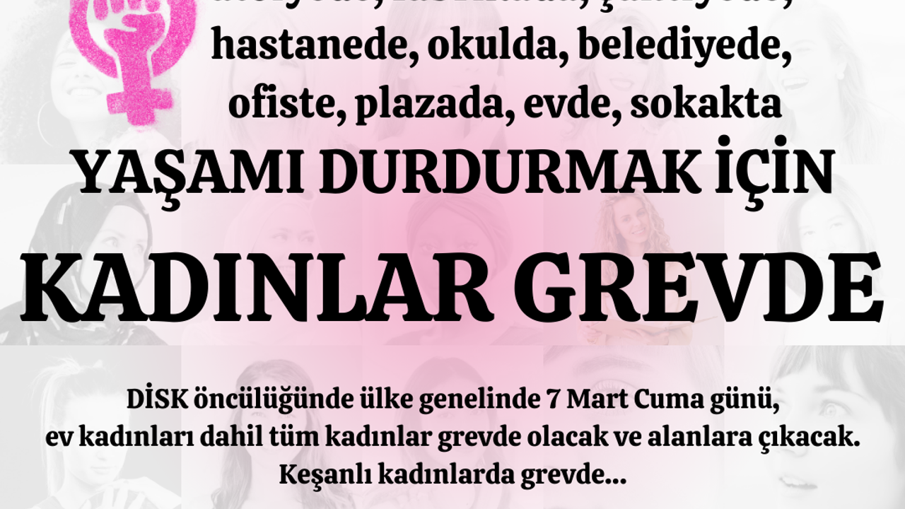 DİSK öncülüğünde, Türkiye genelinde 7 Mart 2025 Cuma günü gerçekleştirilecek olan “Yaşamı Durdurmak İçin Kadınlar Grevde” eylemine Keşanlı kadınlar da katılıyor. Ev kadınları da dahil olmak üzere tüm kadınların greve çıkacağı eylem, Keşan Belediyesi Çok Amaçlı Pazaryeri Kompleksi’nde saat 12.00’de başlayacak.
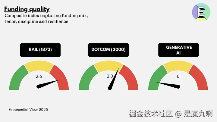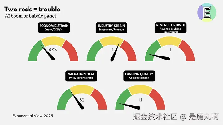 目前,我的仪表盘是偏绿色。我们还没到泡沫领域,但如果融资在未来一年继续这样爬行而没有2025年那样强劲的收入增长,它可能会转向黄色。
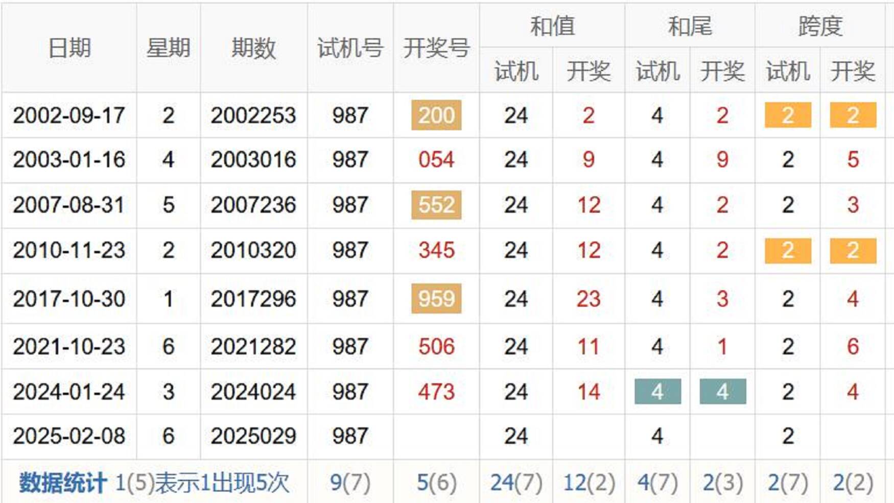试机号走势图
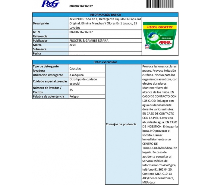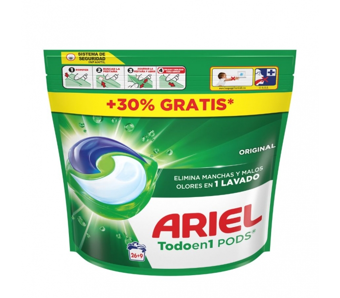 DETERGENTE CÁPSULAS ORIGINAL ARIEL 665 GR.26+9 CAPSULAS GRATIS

REQUIREMENT » Produce an exact copy of the lines from the line containing "目前,我的仪表盘是偏绿色。我" to the end of the material, both ends included, and omit every picture.

RESULT OF THE EXERCISE »
 目前,我的仪表盘是偏绿色。我们还没到泡沫领域,但如果融资在未来一年继续这样爬行而没有2025年那样强劲的收入增长,它可能会转向黄色。
试机号走势图
 DETERGENTE CÁPSULAS ORIGINAL ARIEL 665 GR.26+9 CAPSULAS GRATIS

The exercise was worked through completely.